勉強と睡眠の関係とは?
眠りにはレム睡眠とノンレム睡眠の2種類があり、それを繰り返しながら眠っているのは広く知られていますが、この「レム睡眠」と「ノンレム睡眠」が勉強にも大きく関係しています。あなたが昼間に勉強した内容を整理し、記憶として保存させることは「レム睡眠」の時に行われます。レム睡眠は、一晩に4~5回ほどあります。なので、睡眠時間を削り、レム睡眠の回数が減るほど、勉強した内容が定着しづらくなります。このことから、学習効果を高めるためには、十分な睡眠をとることが重要なのです。
※レム睡眠
レム睡眠は、急速眼球運動(Rapid Eye Movement)を伴い、脳は起きていて体が眠っている睡眠です。一方で、ノンレム睡眠は、脳も体も眠っている睡眠です。
睡眠がもたらす勉強へのメリット
・疲労回復
睡眠の代表的な効果は心身ともに疲労を回復させることです。睡眠のリズムの中で、深い睡眠(ノンレム睡眠)が得られるほど、体内の修復・回復を促す成長ホルモンが多く分泌され、体内での代謝活動が促進されます。脳も休まり、自律神経の働きが整うため、ストレスからの回復・耐性も向上します。身体の一部だけを休ませるのではなく、全体を休養させることができるので、疲労の自覚症状がない部分に対してもアプローチすることができます。疲れた状態で勉強をしても、学習効率は下がりますので、夜はしっかり睡眠をとり、疲労を回復させることが重要です。
・ストレス解消
充分な睡眠をとることで脳内の疲労を解消し、内分泌系のリズムを整えることで、ストレスの解消につながります。ストレスによって発生するコルチゾールは過剰になると脳の海馬を委縮させ、過剰な不安感に襲われるなど抑うつ状態につながるリスクを持っています。とくに受験勉強は、1年間など長期での戦いなので、しっかり睡眠をとりストレスをため込まないことが重要です。
・記憶の定着
睡眠には覚醒時の体験を整理し、記憶として脳に定着させる働きがあります。深い眠り(ノンレム睡眠)で体験から得た感情や事柄を整理し、浅い眠り(レム睡眠)で記憶として定着させるリズムを作ります。まとまった時間で睡眠のリズムを作ることは、不要な感情や体験を取り除き、記憶能力を十分に生かすことにつながります。勉強においては、どの科目でも暗記は必要です。効果的に記憶に定着させるためには深い眠りが必要不可欠ですから、しっかりと睡眠をとり、記憶の定着を促すことが大切です。
質の高い睡眠にするために
・「最初の90分」を深く眠る
多くの受験生にとって十分な睡眠時間を確保することは難しいかもしれません。そこで重要なのが、「睡眠の質を最大限に高める」ことです。人は眠りに落ちてから目覚めるまで、ずっと同じように眠っているわけではありません。眠りにはレム睡眠(脳は起きているが体が眠っている睡眠)とノンレム睡眠(脳も体も眠っている睡眠)の2種類があり、それを繰り返しながら眠っています。寝付いたあと、すぐに訪れるのがノンレム睡眠。とりわけ、最初の90分間のノンレム睡眠は、睡眠全体のなかでもっとも深い眠りです。この段階の人を起こすのは非常に難しく、無理の起こすと頭がすっきりしません。そして、入眠後およそ90分後に訪れるのが最初のレム睡眠。まぶたの下で眼球が素早く動く「急速眼球運動」が見られ、このタイミングで割と現実的な夢を見たりします。

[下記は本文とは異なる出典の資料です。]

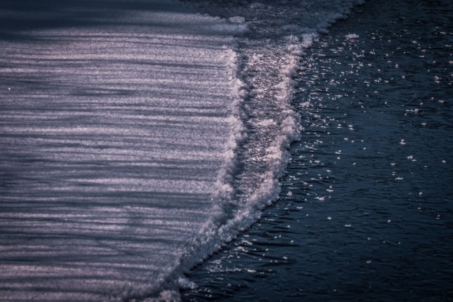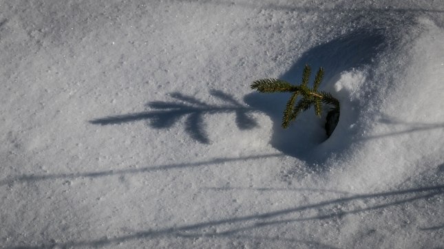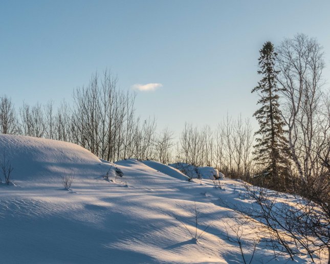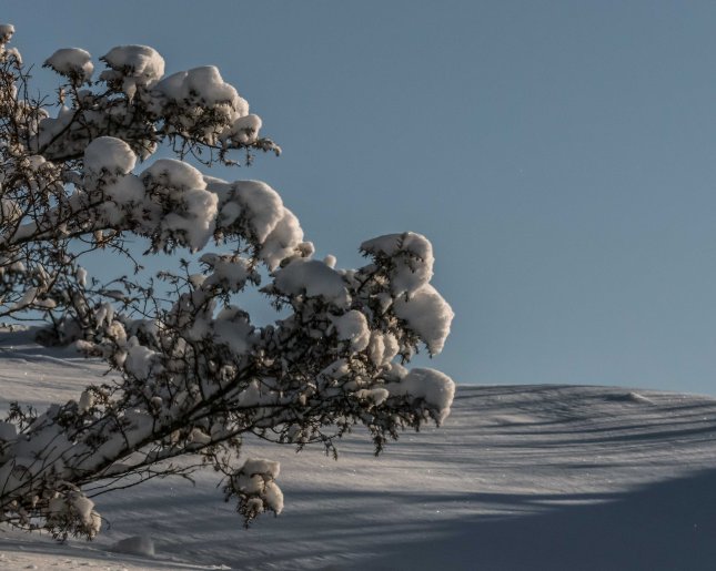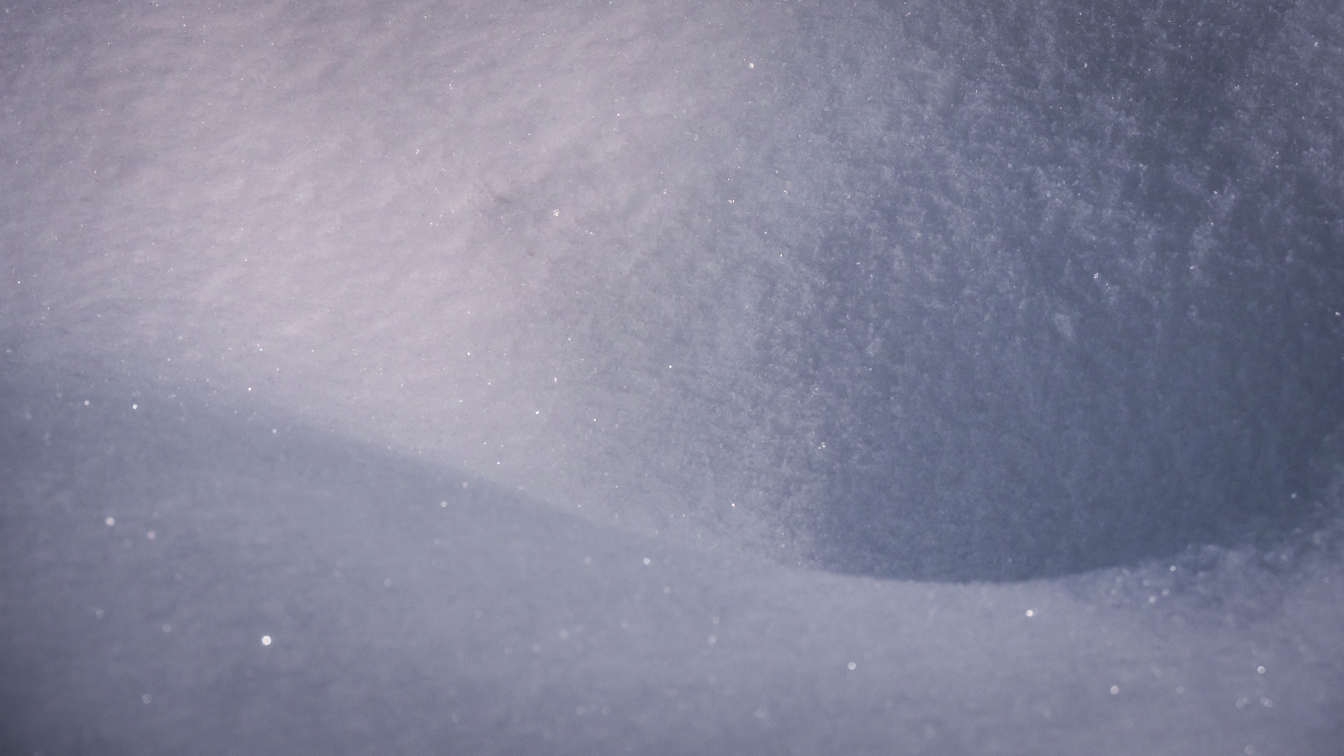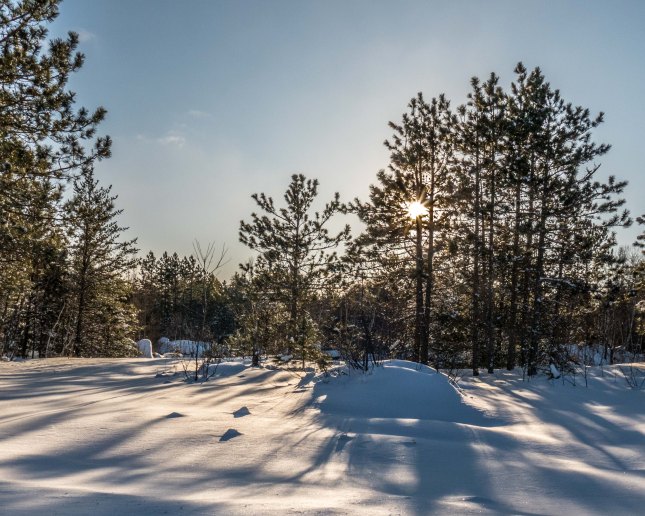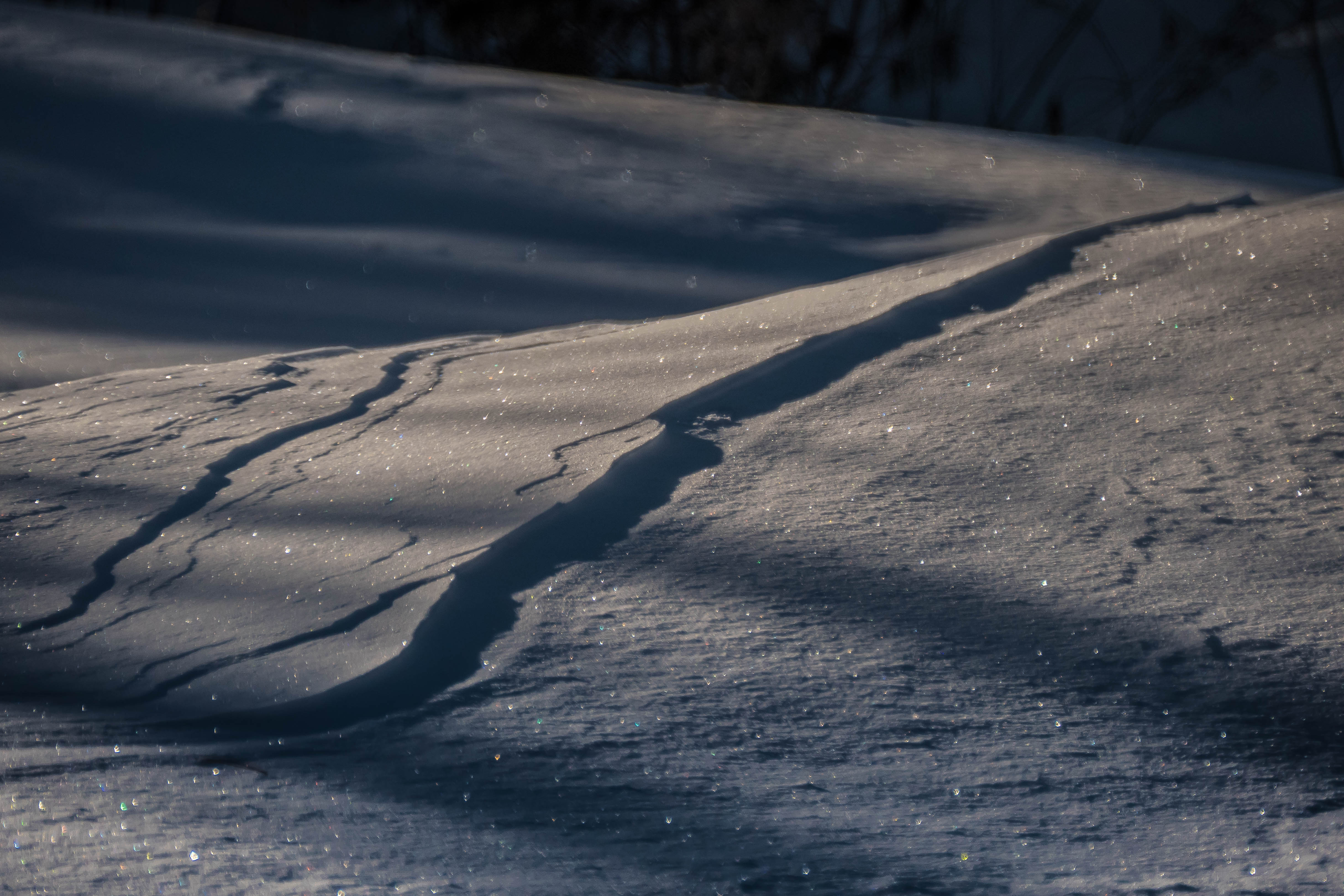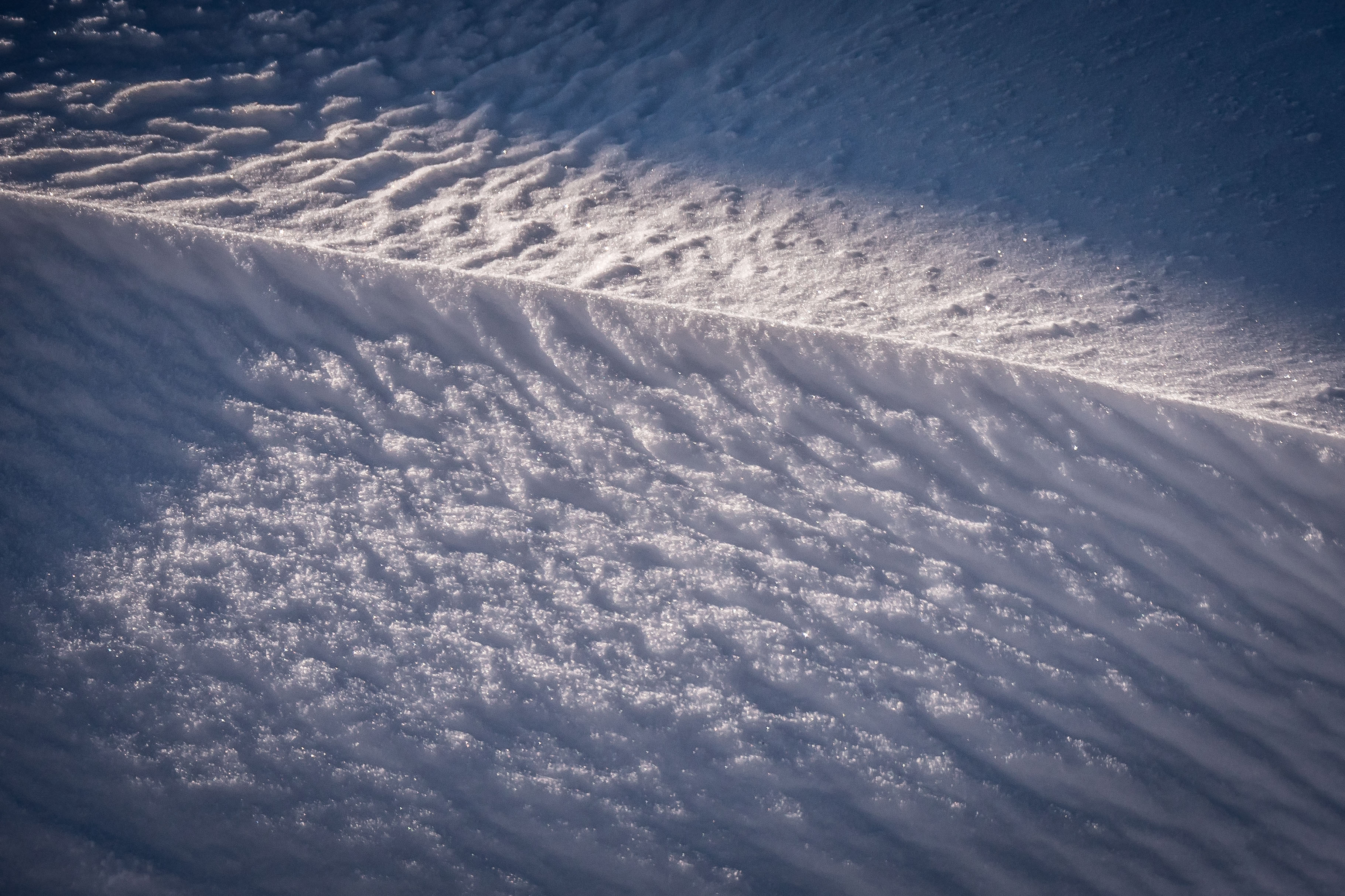 Sun is getting low on the horizon… giving the snow a pinkish glow while the shadows reflect the scattered sunlight of the blue sky above…

レム睡眠中は、意識はありませんが、比較的簡単に起こすことができます。この「ノンレム睡眠」と「レム睡眠」が明け方くらいまでに4、5回繰り返し現れ、明け方になるとレム睡眠の時間が長くなるのが通常の睡眠パターンです。この浅くて長い明け方のレム睡眠時に目覚めるのが自然な流れです。ノンレム睡眠は入眠直後が最も深いですが、逆に明け方に近づくにつれ、眠りは浅くなり持続時間も短くなります。なので、睡眠の質で意識したいのが、「最初のノンレム睡眠」をいかに深くするかということです。ここで深く眠れれば、その後の睡眠リズムも整うし、自律神経やホルモンの働きもよくなり、翌日のパフォーマンスも向上します。
・熟睡のカギは「体温を下げる」こと
「睡眠は始めが肝心」とは言え、多くの人が寝つきの悪さに苦労しているかと思います。毎日同じ時間に就寝するというやり方は、寝つきを良くして深く眠るのに効果的ですが、何かと忙しい受験生の多くは、規則正しい生活を送れない人もいるかと思います。そこで、寝つきを良くするための2つのスイッチをご紹介します。そのスイッチとは、「体温」と「脳」です。この2つのスイッチによって、あなたの体と頭はスリープモードに切り替わり、睡眠が劇的に変わります。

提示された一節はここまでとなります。